DATA SECTION |
#####
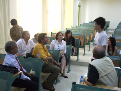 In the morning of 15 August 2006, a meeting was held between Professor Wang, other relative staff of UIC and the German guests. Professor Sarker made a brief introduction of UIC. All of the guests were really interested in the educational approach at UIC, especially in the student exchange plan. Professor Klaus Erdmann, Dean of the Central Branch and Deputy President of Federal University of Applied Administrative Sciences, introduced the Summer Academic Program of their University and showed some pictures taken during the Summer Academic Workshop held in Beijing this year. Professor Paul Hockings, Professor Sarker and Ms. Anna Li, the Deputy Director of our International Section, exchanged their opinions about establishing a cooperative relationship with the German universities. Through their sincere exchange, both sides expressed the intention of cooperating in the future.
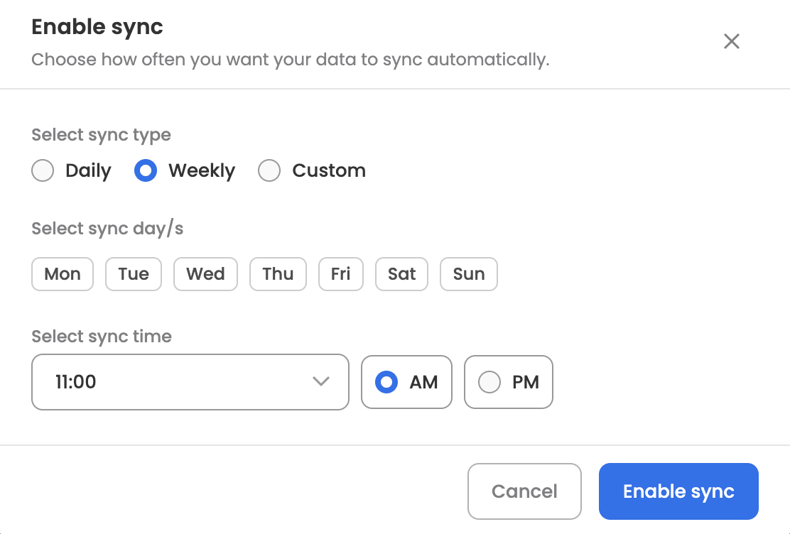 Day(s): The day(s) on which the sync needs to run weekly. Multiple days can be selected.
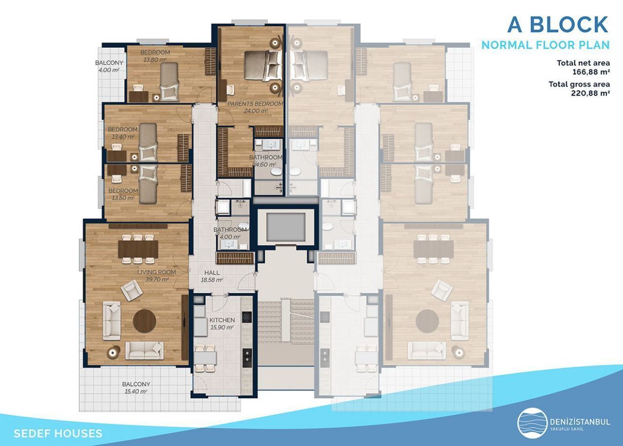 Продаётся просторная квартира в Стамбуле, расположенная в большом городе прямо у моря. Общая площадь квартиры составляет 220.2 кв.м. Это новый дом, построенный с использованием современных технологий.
#####
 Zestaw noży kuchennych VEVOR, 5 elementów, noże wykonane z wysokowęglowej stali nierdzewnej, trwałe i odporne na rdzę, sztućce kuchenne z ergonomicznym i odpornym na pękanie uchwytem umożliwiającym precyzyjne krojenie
#####
DIRECTIONS FOR THIS TASK |
Everything above from the line containing "In the morning" through the line containing "Продаётся просторная квартира" must be repeated exactly, and the pictures must be left out.

RESULT OF THIS TASK |
 In the morning of 15 August 2006, a meeting was held between Professor Wang, other relative staff of UIC and the German guests. Professor Sarker made a brief introduction of UIC. All of the guests were really interested in the educational approach at UIC, especially in the student exchange plan. Professor Klaus Erdmann, Dean of the Central Branch and Deputy President of Federal University of Applied Administrative Sciences, introduced the Summer Academic Program of their University and showed some pictures taken during the Summer Academic Workshop held in Beijing this year. Professor Paul Hockings, Professor Sarker and Ms. Anna Li, the Deputy Director of our International Section, exchanged their opinions about establishing a cooperative relationship with the German universities. Through their sincere exchange, both sides expressed the intention of cooperating in the future.
 Day(s): The day(s) on which the sync needs to run weekly. Multiple days can be selected.
 Продаётся просторная квартира в Стамбуле, расположенная в большом городе прямо у моря. Общая площадь квартиры составляет 220.2 кв.м. Это новый дом, построенный с использованием современных технологий.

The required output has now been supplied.